Edward Snowden e a sua mensagem de Natal alternativa - ou a coragem de um jovem que luta pela liberdade e a quem todos os países livres fecham as portas. [... Porque será? ... Será porque todos fazem parte da tenebrosa teia...? Se até Portugal é um escritório regional, uma célula da CIA e da NASA...]


Depois de nos dois posts abaixo ter mostrado
  •  um trabalho graficamente fantástico de Pedro Miguel Cruz que mostra um curioso ecossistema, revelando a forma como alguns ácaros ou moscas borboleteiam entre o poder governativo e alguns grupos empresariais
 e de, a seguir, ter dado nota de
  • como a imprensa espanhola vê o Portugal arruinado de hoje às mãos das políticas de austeridade, 

aqui, agora, faço questão de deixar registo de um vídeo que já tem alguns dias e que mereceu ampla divulgação: a Mensagem de Natal alternativa de Edward Snowden (alternativa, por piada, à mensagem da Rainha Isabel).

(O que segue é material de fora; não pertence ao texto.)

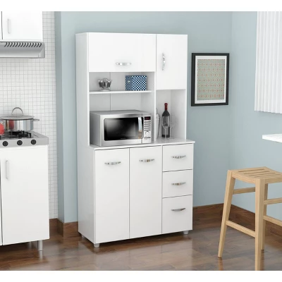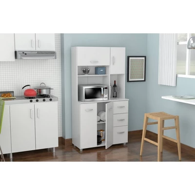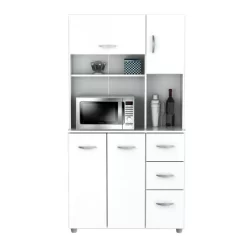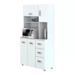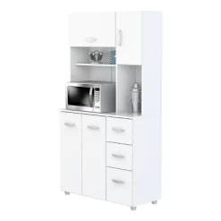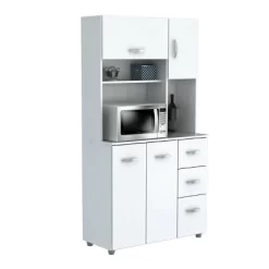 Microwave Storage Cabinet by Inval, finished in rich “White” laminate in durable melamine which is stain, heat and scratch resistant. Constructed from manufactured wood. This storage cabinet with space for a microwave features four doors which conceal ample storage space, as well as three drawers with slides for accessories. All doors and drawers have brushed metal handles.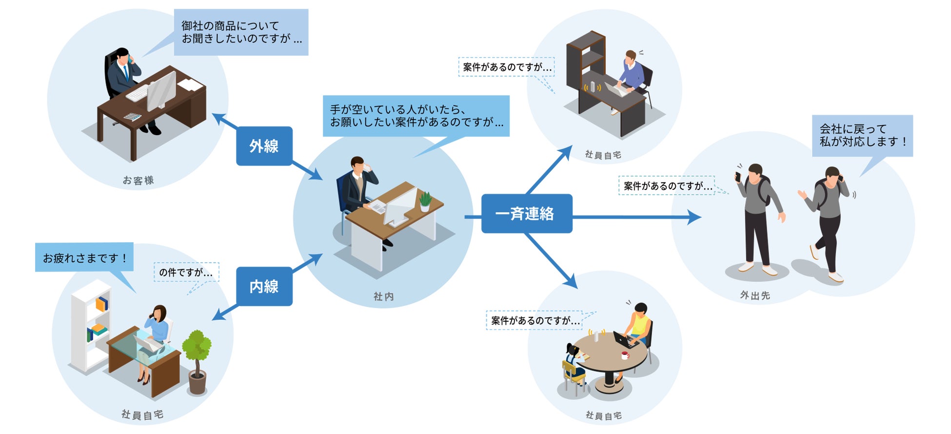 IP200APPは、Android™/iOS®のスマホに対応するIPフォンアプリ です。アプリ上で、内線・外線・一斉連絡ができます。ビジネスフォン・IPトランシーバーとほぼ同等の電話・トランシーバー機能が、IP200APPに収容。また、当社telelink®シリーズ(無線モバイルIPフォンなど)やIPトランシーバー、固定電話などさまざまな通話端末とも通信できます。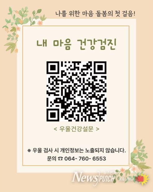 뉴스펀치 천세두 기자 | 서귀포시는 2025년 3월부터 시민들이 언제 어디서나 손쉽게 자신의 정신건강 상태를 확인할 수 있도록 '비대면 QR코드 활용 정신건강 자가 검진'을 운영하고 있다.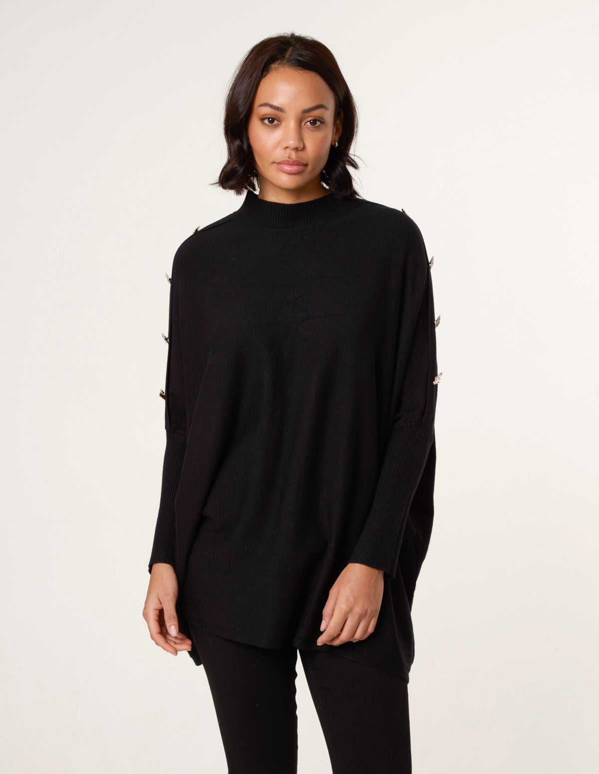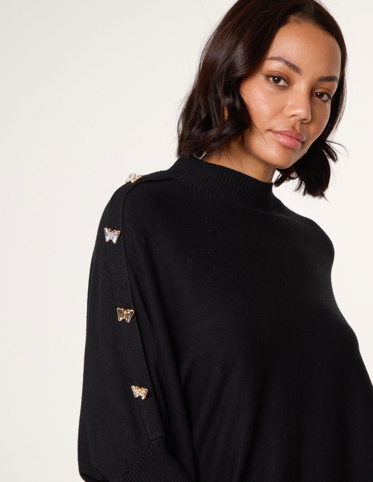Add a fancy touch to your knitwear with this butterfly shoulder detailed jumper. Team with leggings for the perfect day to day wear.

Devo dizer - e já aqui o disse muitas vezes - que a questão da privacidade e da liberdade me são caras. Defendo e defenderei sempre o direito inalienável a elas por parte de todos os cidadãos de bem.

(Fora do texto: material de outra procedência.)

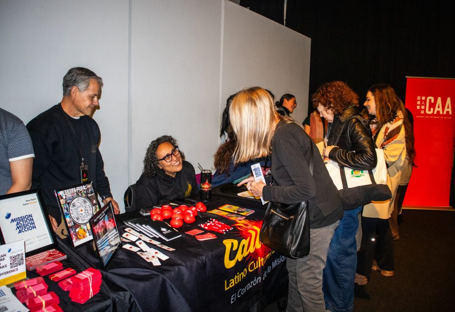 Immigrant advocacy groups table Mission Local’s event on Dec. 16, 2025. Photo by Abigail Van Neely.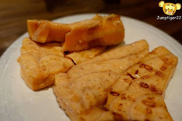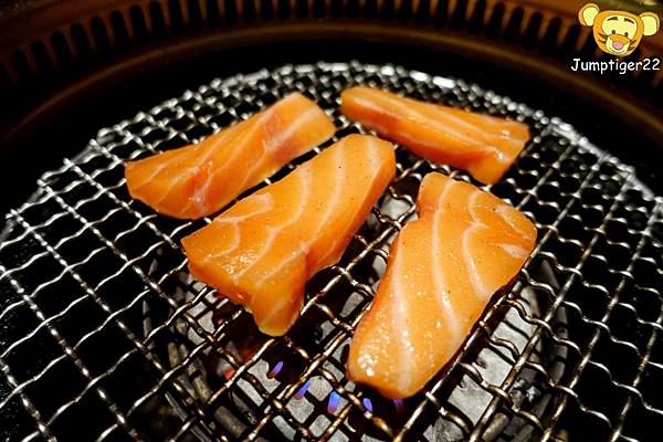 ▼ 怕一失手成千古焦,所以烤盤就只烤這鮭魚!

Que alguém - por decisão unílateral, não sancionada, prepotente - ouse violar a correspondência, as conversações, a simples troca de mensagens dos cidadãos anónimos ou de políticos ou de governantes parece-me coisa de uma estultice indesculpável. É o tipo de coisa que me revolve as entranhas e que acho que deveria merecer uma repulsa incondicional por parte de toda a sociedade .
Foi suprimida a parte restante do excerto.